As you research, ask yourself, “What surprises me about this subject?”
The temptation, when you’re writing an essay, is to write what you think your teacher or professor wants to read. Don’t do this. Instead, ask yourself, “What do I find interesting about this subject? What surprises me?”
If you can’t think of anything that surprises you, anything you find interesting, then you’re not searching well enough, because history, science, and literature are all brimming over with surprises. When you look at how great ideas actually happen, the story is always, “We used to think the world was this way. We found out we were completely wrong, and that the world is actually quite different from what we thought.”
As you research your essay writers topic, search for this story of surprise, and don’t start writing until you can find it.
(By the way, what sources should you use for research? Check out tip #10 below.)
Overwhelmed? Just write five original sentences.
The standard three-point essay is really made up of just five original sentences, surrounded by supporting paragraphs that back up those five sentences. If you’re feeling overwhelmed, just write five sentences. Here’s what they might look like:
Thesis: While most students consider writing an essay a boring task, with the right mindset, it can actually be an enjoyable experience.

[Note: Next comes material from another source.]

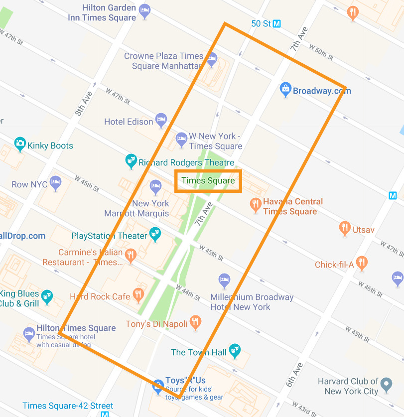타임스퀘어, 굳이 직역을 하자면 시간의 광장이라는 의미를 가지고 있다. 서울 영등포에 있는 백화점 타임스퀘어와는 달리, 뉴욕 타임스퀘어는 수많은 가게들이 밀집해있는 쇼핑과 문화의 '광장' 이라서, 보통 West 42 street부터 West 50 street 사이, 7th ave 와 Broadway ave 에걸쳐있는 지역을 전반적으로 타임스퀘어라고 지칭한다. 여행책자에 나오는 바로 그곳에 가고 싶다면, 46-47 street 으로 직행하면 된다.

Body #1: Most students think writing an essay is tedious because they focus on external rewards.
Body #2: Students should instead focus on internal fulfillment when writing an essay.
Body #3: Not only will focusing on internal fulfillment allow students to have more fun, but they will also write better essays.
Conclusion: Writing an essay doesn’t have to be simply a way to earn a good grade. Instead, it can be a means of finding fulfillment.
After you write your five sentences, it’s easy to fill in the paragraphs they will find themselves in.
Now, you give it a shot!
Be “source heavy.”
In college, I discovered a trick that helped me go from a B-average student to an A-student, but before I explain how it works, let me warn you. This technique is powerful, but it might not work for all teachers or professors. Use with caution.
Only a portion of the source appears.